Re: [PATCH v4 2/5] pid: Add PIDFD_IOCTL_GETFD to fetch file descriptors from processes

From: Arnd Bergmann
Date: Sat Dec 21 2019 - 08:53:58 EST


On Fri, Dec 20, 2019 at 4:35 AM Aleksa Sarai <cyphar@xxxxxxxxxx> wrote:
>
> On 2019-12-19, Sargun Dhillon <sargun@xxxxxxxxx> wrote:
> > On Thu, Dec 19, 2019 at 2:35 AM Christian Brauner
> > <christian.brauner@xxxxxxxxxx> wrote:
> > > I guess this is the remaining question we should settle, i.e. what do we
> > > prefer.
> > > I still think that adding a new syscall for this seems a bit rich. On
> > > the other hand it seems that a lot more people agree that using a
> > > dedicated syscall instead of an ioctl is the correct way; especially
> > > when it touches core kernel functionality.
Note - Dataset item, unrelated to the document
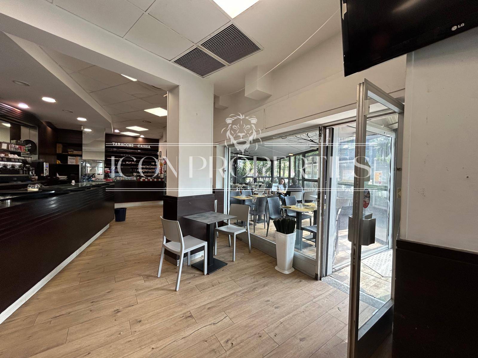Dehors verandato di circa 60 mq. adiacente alle vetrine, di propriet condominiale, per un costo di circa ? 10.000,00 all'anno. Possibilit di ulteriore Dehors esterno sul suolo pubblico.

I mean that was one of the
> > > takeaways from the pidfd API ioctl-vs-syscall discussion.
> > >
> > > A syscall is nicer especially for core-kernel code like this.
> > > So I guess the only way to find out is to try the syscall approach and
> > > either get yelled and switch to an ioctl() or have it accepted.
> > >
> > > What does everyone else think? Arnd, still in favor of a syscall I take
> > > it. Oleg, you had suggested a syscall too, right? Florian, any
> > > thoughts/worries on/about this from the glibc side?
> > >
> > > Christian
> >
> > My feelings towards this are that syscalls might pose a problem if we
> > ever want to extend this API. Of course we can have a reserved
> > "flags" field, and populate it later, but what if we turn out to need
> > a proper struct? I already know we're going to want to add one
> > around cgroup metadata (net_cls), and likely we'll want to add
> > a "steal" flag as well. As Arnd mentioned earlier, this is trivial to
> > fix in a traditional ioctl environment, as ioctls are "cheap". How
> > do we feel about potentially adding a pidfd_getfd2? Or are we
> > confident that reserved flags will save us?
>
> If we end up making this a syscall, then we can re-use the
> copy_struct_from_user() API to make it both extensible and compatible in
> both directions. I wasn't aware that this was frowned upon for ioctls
> (sorry for the extra work) but there are several syscalls which use this
> model for extendability (clone3, openat2, sched_setattr,
> perf_events_open) so there shouldn't be any such complaints for a
> syscall which is extensible.

I would still not do it for syscalls, although for other reasons:

- in an ioctl, it's better to come up with a new command code if you
have a larger structure

- in a system call, it's best to pass all arguments as individual
registers, the only time we use indirect data structures is when there
are more than six arguments.

Arnd